◆ **ABOUT THIS EXERCISE**
Take nothing but the lines from the one with "For car-obsessed 8–12-year-old" through the one with "それでは実際に、Ollama経由でQwen 3.5 Small" in the entries below, both ends kept, and return them exactly with pictures left out.

START EXTRACTED DATA

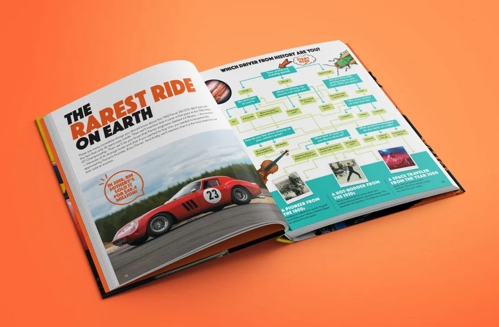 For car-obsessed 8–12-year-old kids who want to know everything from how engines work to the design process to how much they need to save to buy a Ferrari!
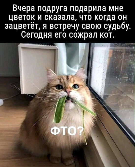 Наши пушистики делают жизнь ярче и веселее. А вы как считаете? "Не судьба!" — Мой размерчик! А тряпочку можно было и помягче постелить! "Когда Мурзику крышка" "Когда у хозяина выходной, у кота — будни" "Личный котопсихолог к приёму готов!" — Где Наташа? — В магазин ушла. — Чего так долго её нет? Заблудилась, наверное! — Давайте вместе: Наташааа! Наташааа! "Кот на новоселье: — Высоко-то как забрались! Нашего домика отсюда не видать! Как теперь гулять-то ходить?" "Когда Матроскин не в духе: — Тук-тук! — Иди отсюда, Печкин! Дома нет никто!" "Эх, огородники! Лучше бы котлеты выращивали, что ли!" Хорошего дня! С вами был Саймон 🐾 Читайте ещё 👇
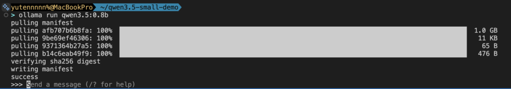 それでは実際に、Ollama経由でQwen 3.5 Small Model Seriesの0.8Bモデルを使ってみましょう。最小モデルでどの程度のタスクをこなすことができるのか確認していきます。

END EXTRACTED DATA
START EXTRACTED DATA

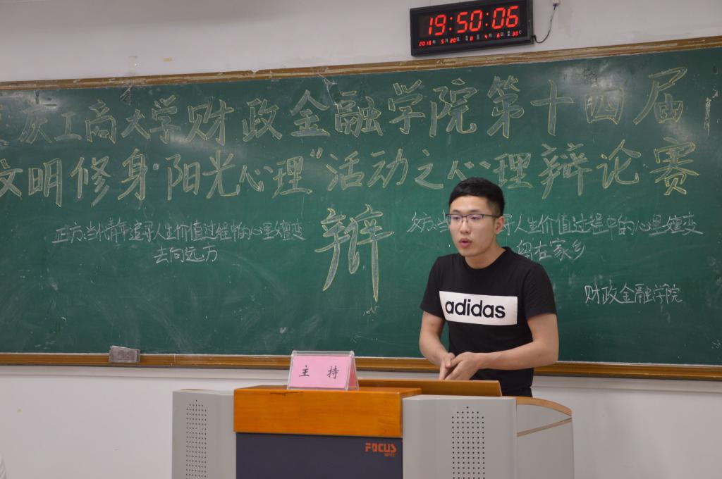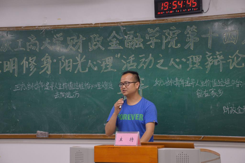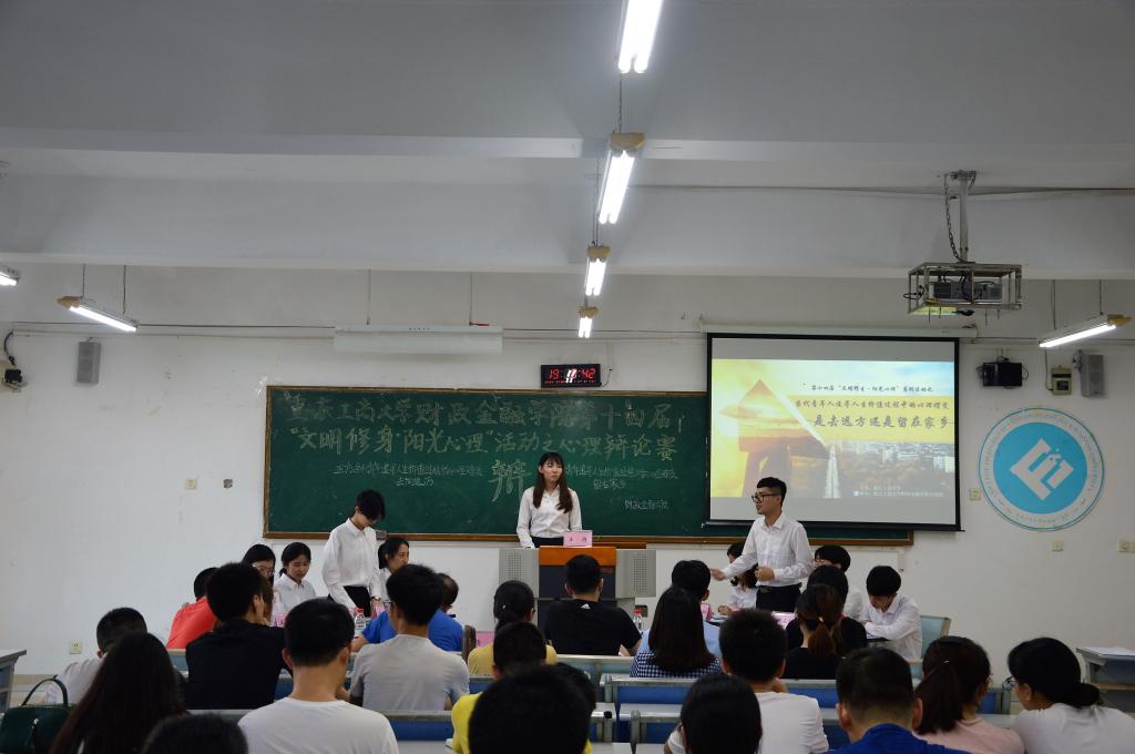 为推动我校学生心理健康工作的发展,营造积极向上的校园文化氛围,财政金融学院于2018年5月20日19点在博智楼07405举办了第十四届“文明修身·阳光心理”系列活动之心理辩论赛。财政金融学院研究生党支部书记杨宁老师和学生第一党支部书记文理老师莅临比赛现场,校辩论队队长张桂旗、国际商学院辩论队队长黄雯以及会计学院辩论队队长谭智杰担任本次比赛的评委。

END EXTRACTED DATA

◆ **SOLUTION TO THIS PROBLEM**
 For car-obsessed 8–12-year-old kids who want to know everything from how engines work to the design process to how much they need to save to buy a Ferrari!
 Наши пушистики делают жизнь ярче и веселее. А вы как считаете? "Не судьба!" — Мой размерчик! А тряпочку можно было и помягче постелить! "Когда Мурзику крышка" "Когда у хозяина выходной, у кота — будни" "Личный котопсихолог к приёму готов!" — Где Наташа? — В магазин ушла. — Чего так долго её нет? Заблудилась, наверное! — Давайте вместе: Наташааа! Наташааа! "Кот на новоселье: — Высоко-то как забрались! Нашего домика отсюда не видать! Как теперь гулять-то ходить?" "Когда Матроскин не в духе: — Тук-тук! — Иди отсюда, Печкин! Дома нет никто!" "Эх, огородники! Лучше бы котлеты выращивали, что ли!" Хорошего дня! С вами был Саймон 🐾 Читайте ещё 👇
 それでは実際に、Ollama経由でQwen 3.5 Small Model Seriesの0.8Bモデルを使ってみましょう。最小モデルでどの程度のタスクをこなすことができるのか確認していきます。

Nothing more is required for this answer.